Sunday, May 8, 2016

Happy Mother's Day!

This Mother's Day begins with my children sleeping peacefully by my side. We are at Grandma's house and so sharing a room. I listen to their soft breathing and gaze upon their sweet faces relaxed in sleep. I am so blessed. So lucky to have these little men in my life!! Words cannot express my fear that my body will succumb to this cancer and I will leave these two behind.

Eight years old is such a special age. They are big boys, with big boy books and big boy toys. At times though they are still little and want a snuggle, some reassurance that in their big world they still have the comfort of mom at their side. I always want to be able to give them that reassurance. I always want to be that safety net, that soft blankie that at times in their lives they might desperately need. I believe this is what every mother wants. To be there for their children when they need us, to witness them growing up and becoming their own person.

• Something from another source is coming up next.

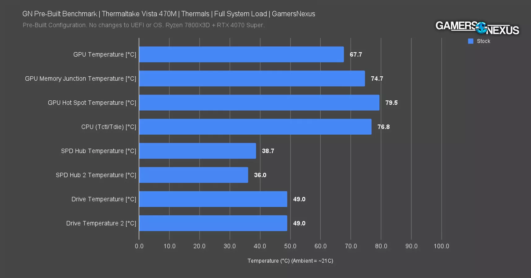 Next is a simple bar chart of all thermals at steady-state in the same workload. The GPU has plenty of access to fresh air, keeping itself to 68 degrees Celsius on the core, 75 degrees on the memory, and 80 degrees hotspot. This is all completely fine.

This Mother's day I am wishing all the amazing mother's out there a day filled with love!! I wish for you a cute card made at school, a small but lovely slightly crushed bouquet of flowers held by eager little hands, and breakfast in bed. I wish for you moments of relaxation when the weight of the world is temporarily taken off your shoulders. Happy Mother's Day!

Thursday, May 5, 2016

Distance

I am heading out tomorrow to visit my family. A six hour road trip is in my immediate future. I prefer road trips to the mountains but this will be fun. I get to see my little nieces and nephew, hug my brothers and sisters-in-law, celebrate mother's day with my mom and cruise the main street of the small town I grew up in. Fun, fun!

I have recently chewed all my finger nails down. Right down. Why? Anxiety. I have chemo coming up when I get home from my little getaway. Every cycle I seem to have worse anxiety. Feeling the chemicals inside me is almost too much some days. It is even more important to not center my life around my diagnosis when my anxiety comes. I need to get out there and live life! Especially on days I feel so good I forget I have cancer. My nails are gone, but just for now. I still have my hair!!

So I shall go see my family. Enjoy the open road before me and bask in the love I shall receive once I arrive. Once in awhile it is good to mix it up and change your surroundings. The trials we go through are meant to shape us. I have grown up hearing that little anecdote. I am not sure how cancer and treatment is supposed to shape me, yet I feel confident in the knowledge that every day I have the choice to wallow or shine. I choose to shine!! Shine, and fly.